Alaska Governor Sarah Palin’s speech accepting the Republican vice presidential nomination on Wednesday night conveyed her support for the type of energy policy you’d expect from someone who has expressed doubts over mankind’s role in climate change. During the speech she largely focused on increasing domestic oil drilling and natural gas production, and gave very brief mentions to nuclear, clean coal and a laundry list of alternative sources. She didn’t touch on climate change or go into any details about getting the U.S. off of fossil fuels.

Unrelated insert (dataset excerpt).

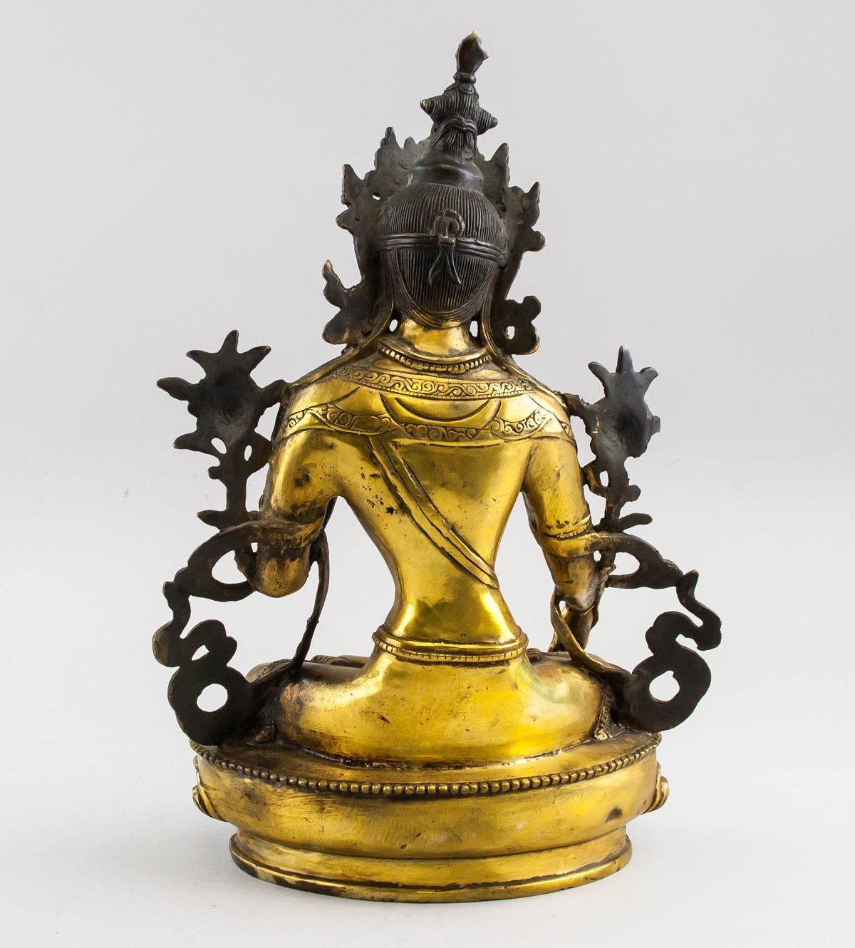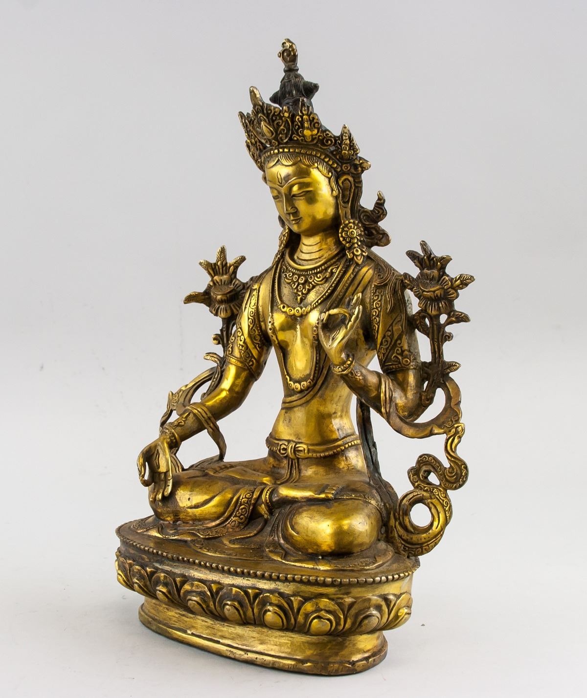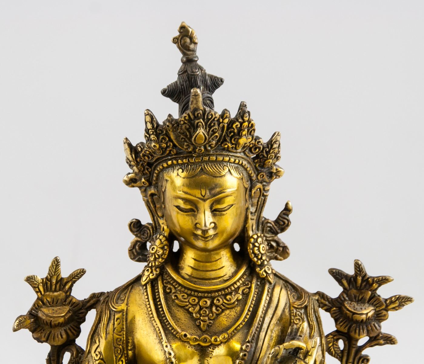 Chinese Ming styel gilt bronze statue. Featuring seated Green Tara. With crossed thunderbolt mark on base. 35 x 22 cm, 1990 grams

“Energy independence,” was the key term, and Palin stressed finding domestic resources so that the U.S. isn’t dependent on foreign nations for its fuel supply. Palin highlighted her work in Alaska to help build a $40 billion natural gas pipeline that could increase American domestic power supplies. On the subject of increasing both domestic natural gas and oil drilling, Palin was clear:

We Americans need to produce more of our own oil and gas. And take it from a gal who knows the North Slope of Alaska: we’ve got lots of both. Our opponents say, again and again, that drilling will not solve all of America’s energy problems – as if we all didn’t know that already. But the fact that drilling won’t solve every problem is no excuse to do nothing at all.

Drilling has been an issues that Republicans have championed, and during a speech by Rudy Giuliani the crowd chanted “drill, baby, drill.” Palin’s sentiments were similar to presumptive Republican presidential nominee John McCain’s but didn’t touch on McCain’s more cleantech-focused policies like a national cap and trade system, tax breaks for fuel-efficient cars and dropping the tariff on Brazilian ethanol.

Between the presidential and vice presidential nominees, Palin is the least aggressive on clean power, and she showed that clearly in her acceptance speech. No surprise then that the New York Times’ Thomas Friedman said that, with the nomination of Sarah Palin, McCain had “completed his makeover from the greenest Republican to run for president to just another representative of big oil.”

  1. this is all just a booty show. bring some random leggy woman with loose kids out, show her around, and win the votes of millions of men who keep repuglican thugs in power. palin isn’t a vice president, she’s a repuglican style centerfold.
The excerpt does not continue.